Open hexylena opened 4 years ago
What is the initial script that populates the folders ? Which API routes does it use ?
@mvdbeek this one https://github.com/usegalaxy-eu/shared-data/blob/master/run.sh
I've moved this to ephemeris then. I don't think there is a logical path towards de-duplication on Galaxy's end (at least not without either a checksum or something else that can identify a piece of data), this should be handled in the setup-data-libraries
script IMO.
Sounds good. Thanks for the move, I should've made it here in the first place.
@Slugger70 @natefoo @lecorguille this issue affects all of you.
So this is quite unfortunate. Roughly every time it runs, it creates some duplicates.
EU has seen this quite prominently, the other servers less so.

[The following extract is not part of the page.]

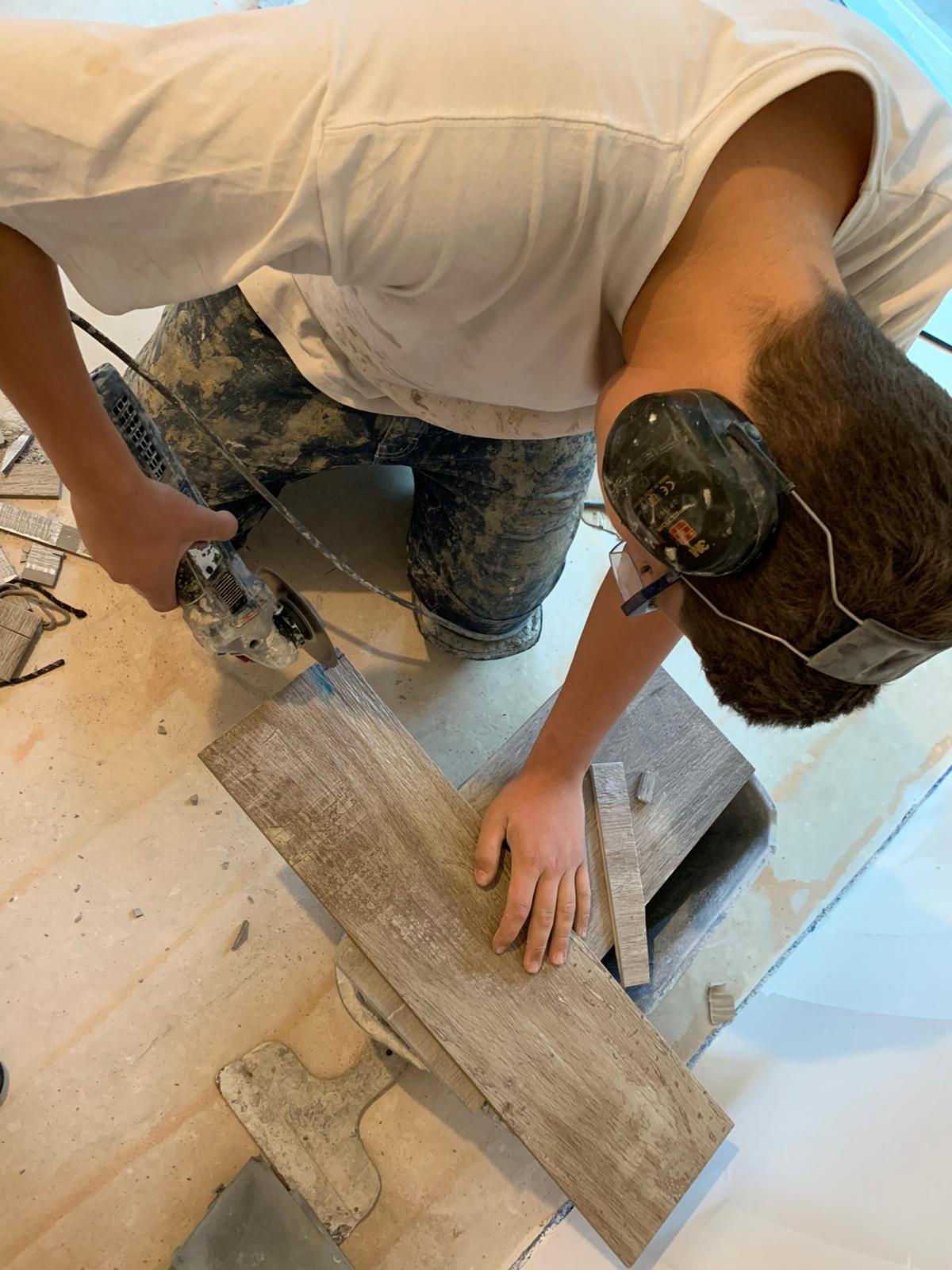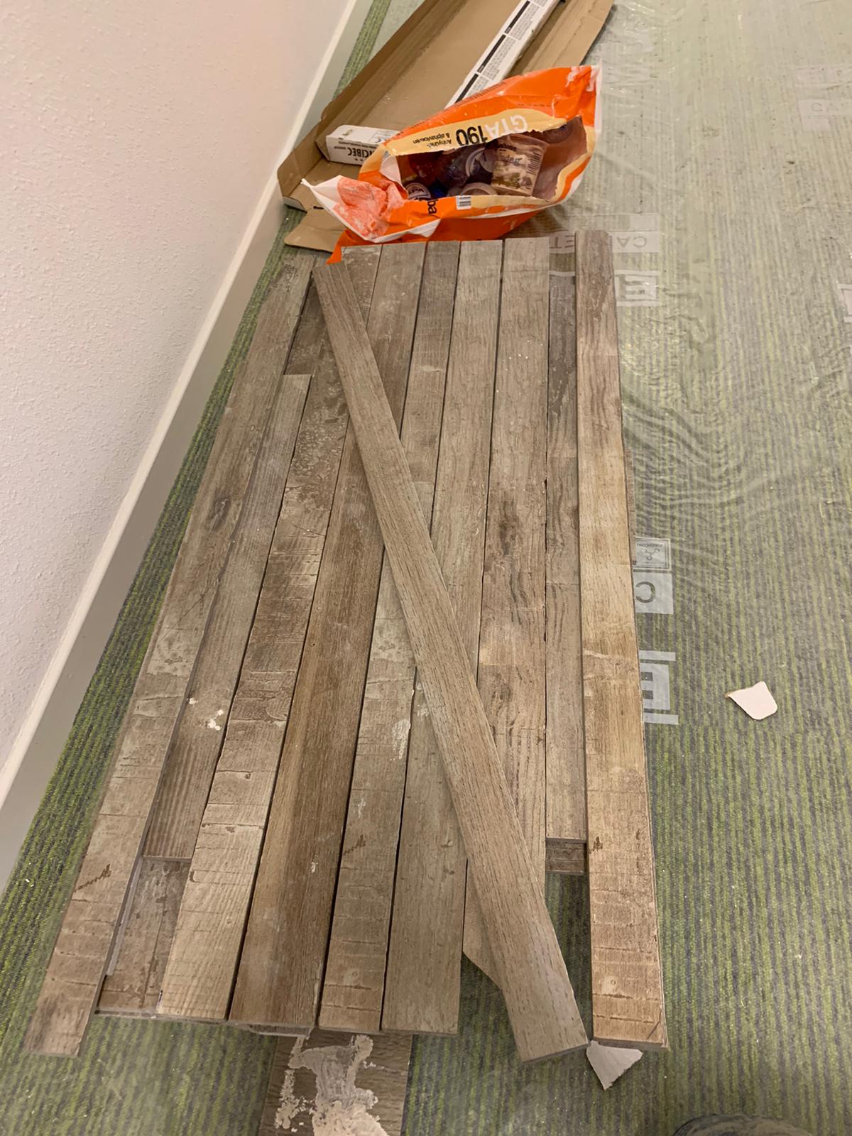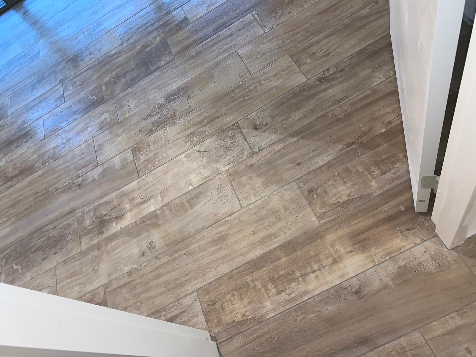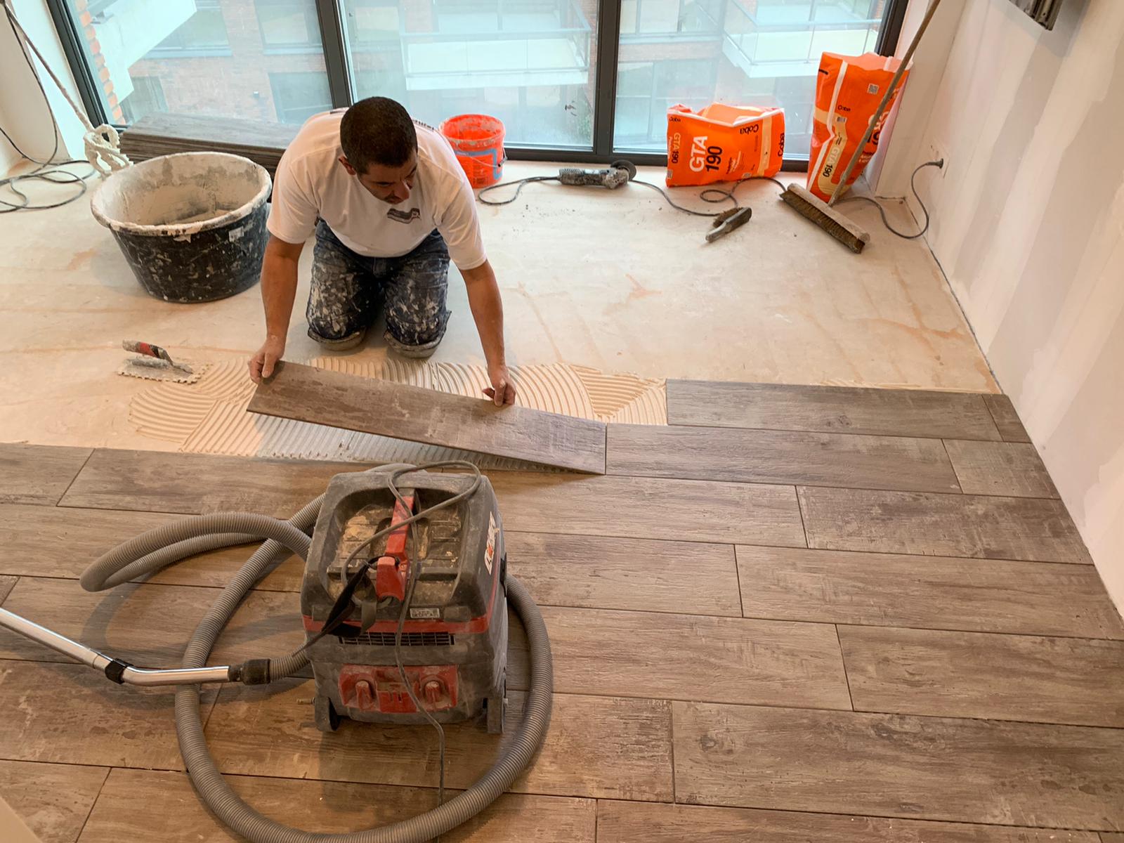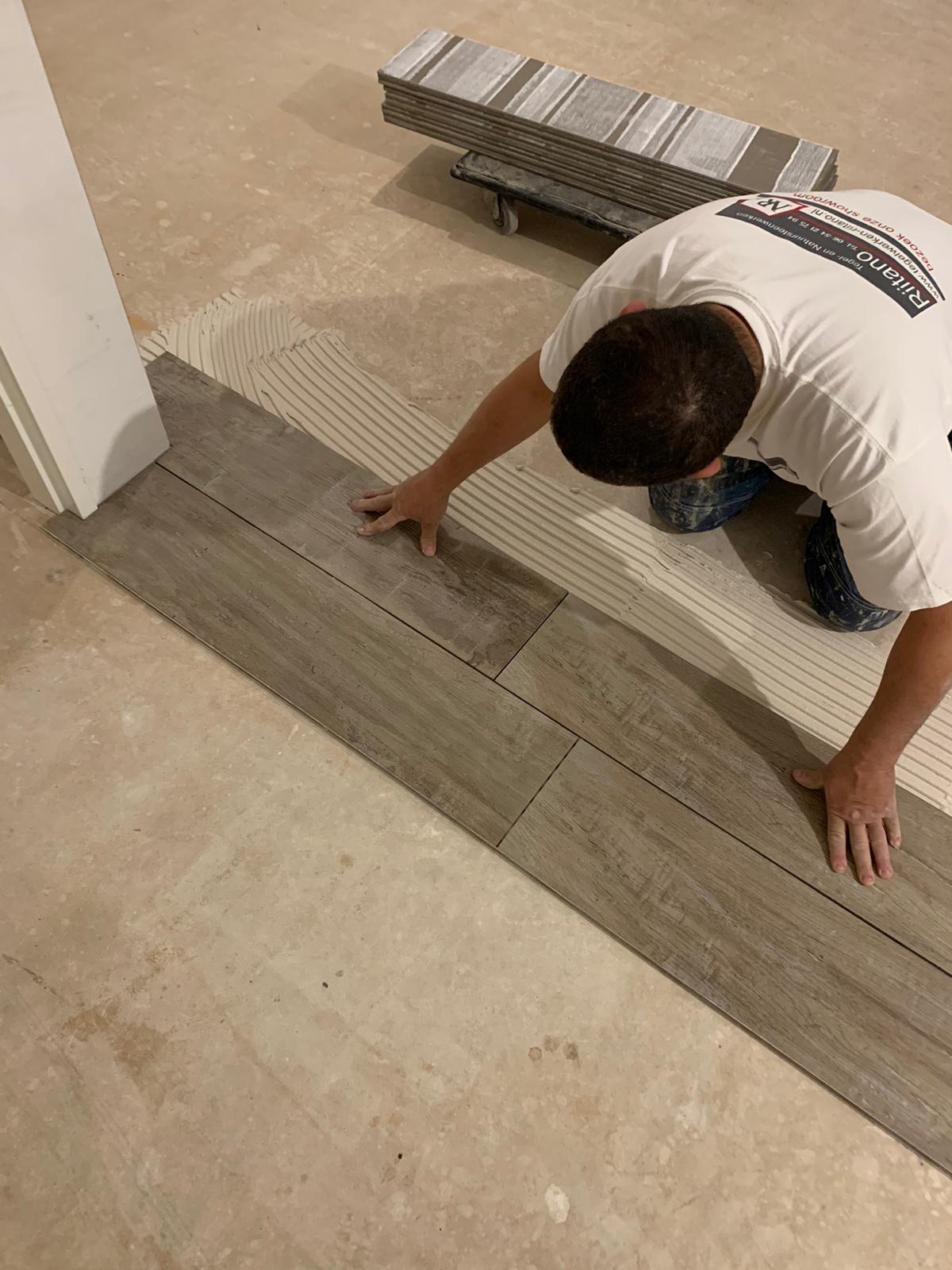Bij dit project hebben we de keramische vloertegels, in het formaat 23×100, door het hele appartement verwerkt. Als legpatroon is er gekozen voor wildverband. Het afval is door ons meegenomen en afgevoerd.

I'd never seen it on them until I wrote the script to check them just now, and clearly it has been going on for quite some time judging by the counts.
https://github.com/usegalaxy-eu/shared-data/blob/master/no-dupes.sh is the script to check, I'm just dumping the contents of the GTN folder.
Also that API really probably doesn't need enforced authentication, since I can browse those while anonymous on the web.
I can add another script to try and remove duplicates, but, shared data already has one script hacking around upload permissions, another feels like too much duct-tape.